Material shown:
= Beginning of Section =

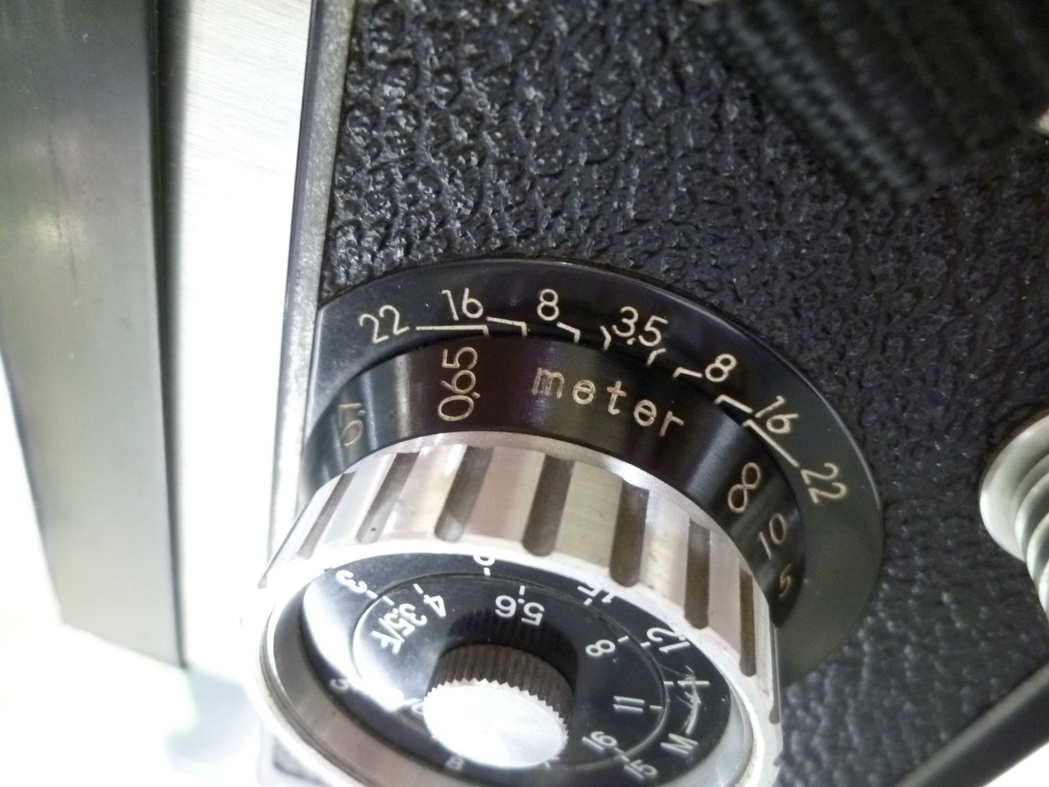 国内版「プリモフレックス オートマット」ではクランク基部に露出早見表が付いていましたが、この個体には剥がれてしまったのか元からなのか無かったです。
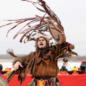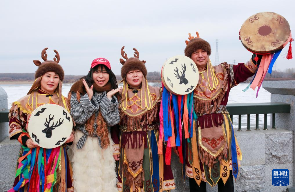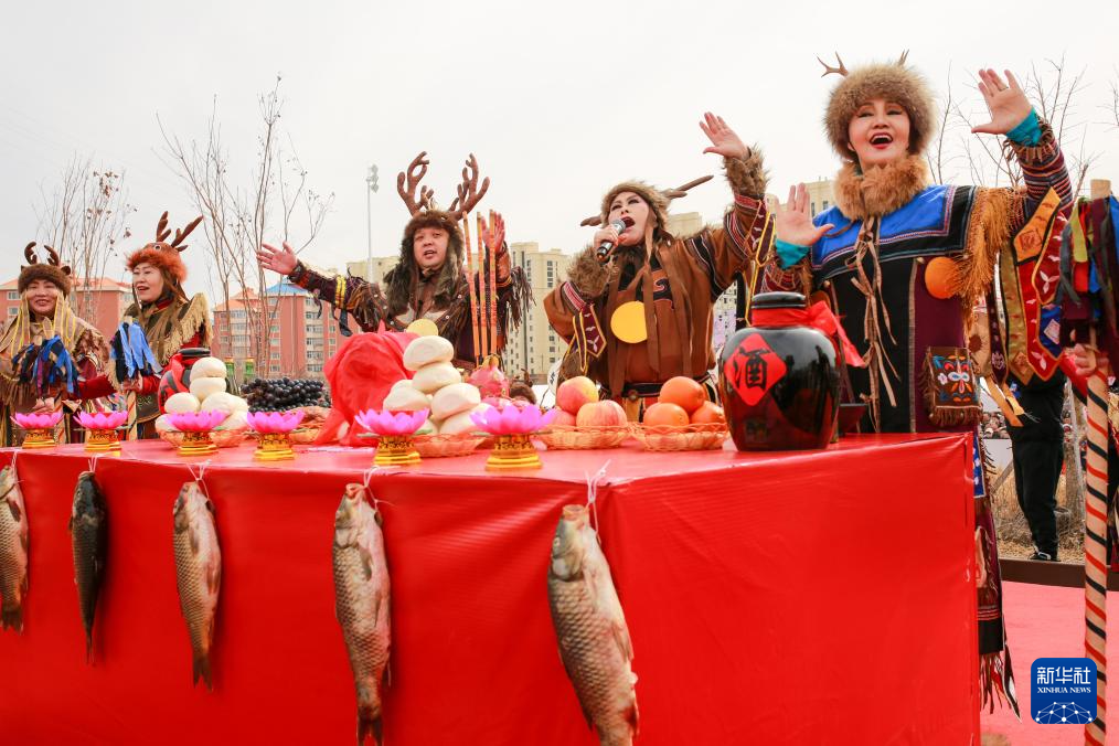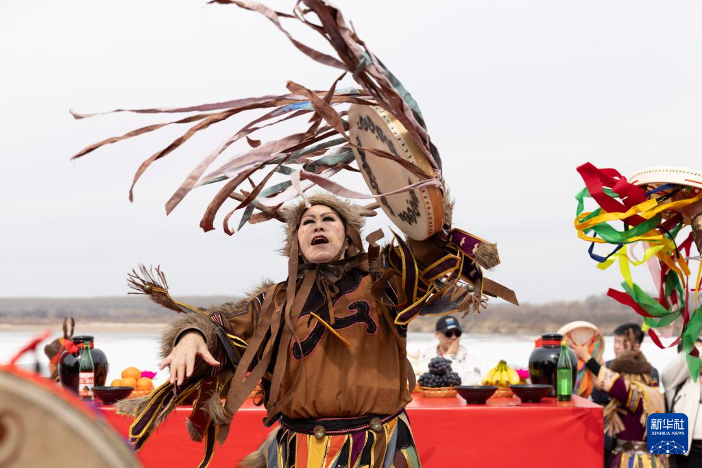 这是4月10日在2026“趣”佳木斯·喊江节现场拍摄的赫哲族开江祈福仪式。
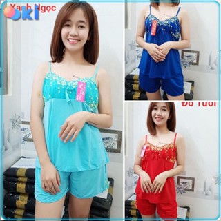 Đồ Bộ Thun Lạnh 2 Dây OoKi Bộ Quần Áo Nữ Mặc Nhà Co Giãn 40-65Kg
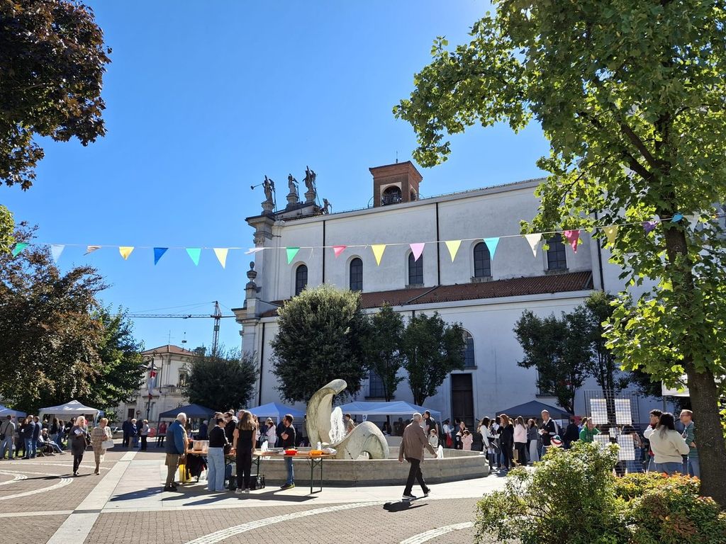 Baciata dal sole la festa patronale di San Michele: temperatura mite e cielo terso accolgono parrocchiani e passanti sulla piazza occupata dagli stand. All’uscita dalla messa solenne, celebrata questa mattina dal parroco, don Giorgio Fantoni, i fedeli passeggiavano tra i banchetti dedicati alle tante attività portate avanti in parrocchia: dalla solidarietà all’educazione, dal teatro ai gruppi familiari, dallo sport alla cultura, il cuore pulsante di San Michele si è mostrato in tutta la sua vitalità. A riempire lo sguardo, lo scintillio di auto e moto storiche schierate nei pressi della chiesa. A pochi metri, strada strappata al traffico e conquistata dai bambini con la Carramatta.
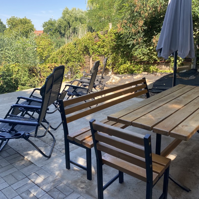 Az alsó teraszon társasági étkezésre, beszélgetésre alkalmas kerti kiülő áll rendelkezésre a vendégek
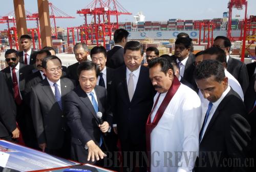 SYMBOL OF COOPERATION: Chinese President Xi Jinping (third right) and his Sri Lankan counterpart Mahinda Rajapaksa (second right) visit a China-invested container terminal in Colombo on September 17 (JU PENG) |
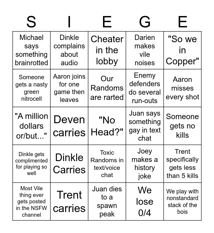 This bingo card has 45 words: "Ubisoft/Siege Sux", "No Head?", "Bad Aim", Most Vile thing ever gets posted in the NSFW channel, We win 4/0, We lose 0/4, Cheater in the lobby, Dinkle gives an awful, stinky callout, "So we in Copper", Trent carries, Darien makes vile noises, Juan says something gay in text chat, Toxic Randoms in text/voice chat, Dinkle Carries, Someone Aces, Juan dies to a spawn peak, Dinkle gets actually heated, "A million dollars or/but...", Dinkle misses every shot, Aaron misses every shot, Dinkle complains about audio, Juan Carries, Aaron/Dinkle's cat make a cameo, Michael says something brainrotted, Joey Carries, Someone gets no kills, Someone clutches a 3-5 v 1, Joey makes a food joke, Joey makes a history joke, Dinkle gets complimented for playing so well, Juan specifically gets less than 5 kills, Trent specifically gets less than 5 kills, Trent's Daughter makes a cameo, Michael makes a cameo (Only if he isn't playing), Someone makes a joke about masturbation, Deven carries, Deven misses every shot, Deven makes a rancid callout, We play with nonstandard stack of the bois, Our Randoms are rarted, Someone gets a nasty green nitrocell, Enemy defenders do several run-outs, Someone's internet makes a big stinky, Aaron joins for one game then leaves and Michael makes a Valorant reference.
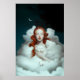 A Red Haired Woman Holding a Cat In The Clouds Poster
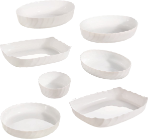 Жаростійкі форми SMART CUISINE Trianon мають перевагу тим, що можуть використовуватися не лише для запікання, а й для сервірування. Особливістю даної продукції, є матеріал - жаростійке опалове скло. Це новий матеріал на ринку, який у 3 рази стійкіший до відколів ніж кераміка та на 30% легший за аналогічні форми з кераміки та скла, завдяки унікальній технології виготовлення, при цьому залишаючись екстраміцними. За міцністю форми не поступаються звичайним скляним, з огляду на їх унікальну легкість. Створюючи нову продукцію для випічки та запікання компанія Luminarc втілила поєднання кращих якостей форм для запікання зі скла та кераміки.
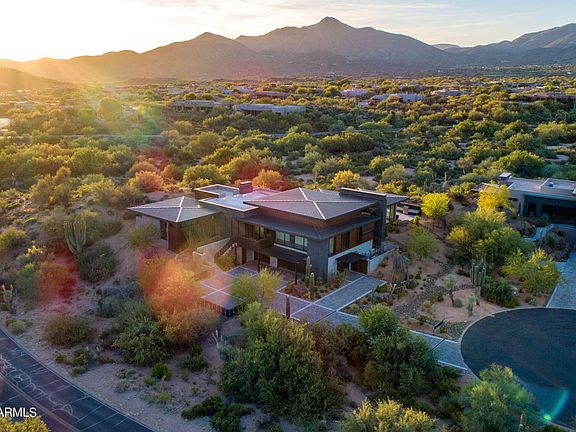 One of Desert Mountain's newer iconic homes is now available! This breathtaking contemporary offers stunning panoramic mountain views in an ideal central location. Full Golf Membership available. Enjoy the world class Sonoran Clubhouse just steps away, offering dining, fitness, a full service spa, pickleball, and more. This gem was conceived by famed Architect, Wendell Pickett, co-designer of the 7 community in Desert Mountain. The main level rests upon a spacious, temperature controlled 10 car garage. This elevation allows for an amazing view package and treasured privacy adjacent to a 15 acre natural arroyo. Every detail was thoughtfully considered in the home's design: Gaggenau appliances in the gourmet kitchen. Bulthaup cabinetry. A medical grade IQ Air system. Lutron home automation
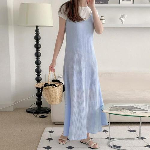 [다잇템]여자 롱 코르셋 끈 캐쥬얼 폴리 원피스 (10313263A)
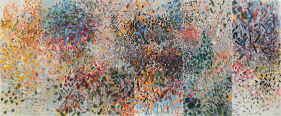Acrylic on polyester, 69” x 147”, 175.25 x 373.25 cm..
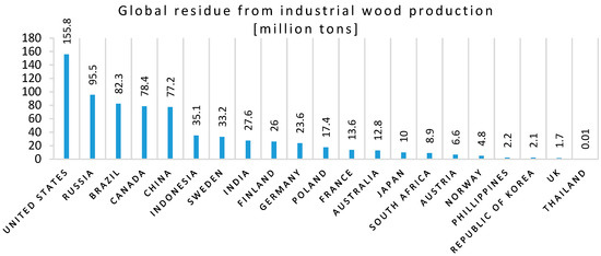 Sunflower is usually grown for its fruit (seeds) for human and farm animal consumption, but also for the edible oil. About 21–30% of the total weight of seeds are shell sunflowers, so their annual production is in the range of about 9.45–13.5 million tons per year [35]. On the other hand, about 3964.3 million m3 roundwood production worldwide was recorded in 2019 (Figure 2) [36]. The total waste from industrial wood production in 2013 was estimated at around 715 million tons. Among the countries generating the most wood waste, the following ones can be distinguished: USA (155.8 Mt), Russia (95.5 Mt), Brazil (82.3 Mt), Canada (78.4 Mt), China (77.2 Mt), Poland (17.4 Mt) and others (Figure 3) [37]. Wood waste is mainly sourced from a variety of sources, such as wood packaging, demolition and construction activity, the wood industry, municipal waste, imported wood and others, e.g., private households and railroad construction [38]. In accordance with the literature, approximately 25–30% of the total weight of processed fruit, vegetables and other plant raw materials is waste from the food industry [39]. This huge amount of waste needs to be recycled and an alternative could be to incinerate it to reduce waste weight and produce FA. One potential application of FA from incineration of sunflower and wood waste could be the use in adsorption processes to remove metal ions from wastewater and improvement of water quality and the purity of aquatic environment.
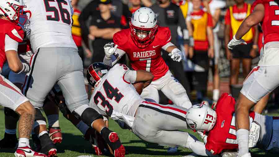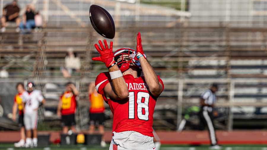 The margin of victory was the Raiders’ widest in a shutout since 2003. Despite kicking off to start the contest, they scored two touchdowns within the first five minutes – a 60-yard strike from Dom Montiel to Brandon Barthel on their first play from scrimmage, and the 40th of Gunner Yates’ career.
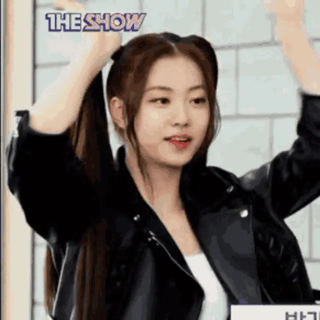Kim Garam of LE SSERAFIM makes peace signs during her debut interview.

= End of Section =

About this task: Apart from the pictures, every line above must be printed exactly.

Your response:
 国内版「プリモフレックス オートマット」ではクランク基部に露出早見表が付いていましたが、この個体には剥がれてしまったのか元からなのか無かったです。
 这是4月10日在2026“趣”佳木斯·喊江节现场拍摄的赫哲族开江祈福仪式。
 Đồ Bộ Thun Lạnh 2 Dây OoKi Bộ Quần Áo Nữ Mặc Nhà Co Giãn 40-65Kg
 Baciata dal sole la festa patronale di San Michele: temperatura mite e cielo terso accolgono parrocchiani e passanti sulla piazza occupata dagli stand. All’uscita dalla messa solenne, celebrata questa mattina dal parroco, don Giorgio Fantoni, i fedeli passeggiavano tra i banchetti dedicati alle tante attività portate avanti in parrocchia: dalla solidarietà all’educazione, dal teatro ai gruppi familiari, dallo sport alla cultura, il cuore pulsante di San Michele si è mostrato in tutta la sua vitalità. A riempire lo sguardo, lo scintillio di auto e moto storiche schierate nei pressi della chiesa. A pochi metri, strada strappata al traffico e conquistata dai bambini con la Carramatta.
 Az alsó teraszon társasági étkezésre, beszélgetésre alkalmas kerti kiülő áll rendelkezésre a vendégek
 SYMBOL OF COOPERATION: Chinese President Xi Jinping (third right) and his Sri Lankan counterpart Mahinda Rajapaksa (second right) visit a China-invested container terminal in Colombo on September 17 (JU PENG) |
 This bingo card has 45 words: "Ubisoft/Siege Sux", "No Head?", "Bad Aim", Most Vile thing ever gets posted in the NSFW channel, We win 4/0, We lose 0/4, Cheater in the lobby, Dinkle gives an awful, stinky callout, "So we in Copper", Trent carries, Darien makes vile noises, Juan says something gay in text chat, Toxic Randoms in text/voice chat, Dinkle Carries, Someone Aces, Juan dies to a spawn peak, Dinkle gets actually heated, "A million dollars or/but...", Dinkle misses every shot, Aaron misses every shot, Dinkle complains about audio, Juan Carries, Aaron/Dinkle's cat make a cameo, Michael says something brainrotted, Joey Carries, Someone gets no kills, Someone clutches a 3-5 v 1, Joey makes a food joke, Joey makes a history joke, Dinkle gets complimented for playing so well, Juan specifically gets less than 5 kills, Trent specifically gets less than 5 kills, Trent's Daughter makes a cameo, Michael makes a cameo (Only if he isn't playing), Someone makes a joke about masturbation, Deven carries, Deven misses every shot, Deven makes a rancid callout, We play with nonstandard stack of the bois, Our Randoms are rarted, Someone gets a nasty green nitrocell, Enemy defenders do several run-outs, Someone's internet makes a big stinky, Aaron joins for one game then leaves and Michael makes a Valorant reference.
 A Red Haired Woman Holding a Cat In The Clouds Poster
 Жаростійкі форми SMART CUISINE Trianon мають перевагу тим, що можуть використовуватися не лише для запікання, а й для сервірування. Особливістю даної продукції, є матеріал - жаростійке опалове скло. Це новий матеріал на ринку, який у 3 рази стійкіший до відколів ніж кераміка та на 30% легший за аналогічні форми з кераміки та скла, завдяки унікальній технології виготовлення, при цьому залишаючись екстраміцними. За міцністю форми не поступаються звичайним скляним, з огляду на їх унікальну легкість. Створюючи нову продукцію для випічки та запікання компанія Luminarc втілила поєднання кращих якостей форм для запікання зі скла та кераміки.
 One of Desert Mountain's newer iconic homes is now available! This breathtaking contemporary offers stunning panoramic mountain views in an ideal central location. Full Golf Membership available. Enjoy the world class Sonoran Clubhouse just steps away, offering dining, fitness, a full service spa, pickleball, and more. This gem was conceived by famed Architect, Wendell Pickett, co-designer of the 7 community in Desert Mountain. The main level rests upon a spacious, temperature controlled 10 car garage. This elevation allows for an amazing view package and treasured privacy adjacent to a 15 acre natural arroyo. Every detail was thoughtfully considered in the home's design: Gaggenau appliances in the gourmet kitchen. Bulthaup cabinetry. A medical grade IQ Air system. Lutron home automation
 [다잇템]여자 롱 코르셋 끈 캐쥬얼 폴리 원피스 (10313263A)
Acrylic on polyester, 69” x 147”, 175.25 x 373.25 cm..
 Sunflower is usually grown for its fruit (seeds) for human and farm animal consumption, but also for the edible oil. About 21–30% of the total weight of seeds are shell sunflowers, so their annual production is in the range of about 9.45–13.5 million tons per year [35]. On the other hand, about 3964.3 million m3 roundwood production worldwide was recorded in 2019 (Figure 2) [36]. The total waste from industrial wood production in 2013 was estimated at around 715 million tons. Among the countries generating the most wood waste, the following ones can be distinguished: USA (155.8 Mt), Russia (95.5 Mt), Brazil (82.3 Mt), Canada (78.4 Mt), China (77.2 Mt), Poland (17.4 Mt) and others (Figure 3) [37]. Wood waste is mainly sourced from a variety of sources, such as wood packaging, demolition and construction activity, the wood industry, municipal waste, imported wood and others, e.g., private households and railroad construction [38]. In accordance with the literature, approximately 25–30% of the total weight of processed fruit, vegetables and other plant raw materials is waste from the food industry [39]. This huge amount of waste needs to be recycled and an alternative could be to incinerate it to reduce waste weight and produce FA. One potential application of FA from incineration of sunflower and wood waste could be the use in adsorption processes to remove metal ions from wastewater and improvement of water quality and the purity of aquatic environment.
 The margin of victory was the Raiders’ widest in a shutout since 2003. Despite kicking off to start the contest, they scored two touchdowns within the first five minutes – a 60-yard strike from Dom Montiel to Brandon Barthel on their first play from scrimmage, and the 40th of Gunner Yates’ career.
Kim Garam of LE SSERAFIM makes peace signs during her debut interview.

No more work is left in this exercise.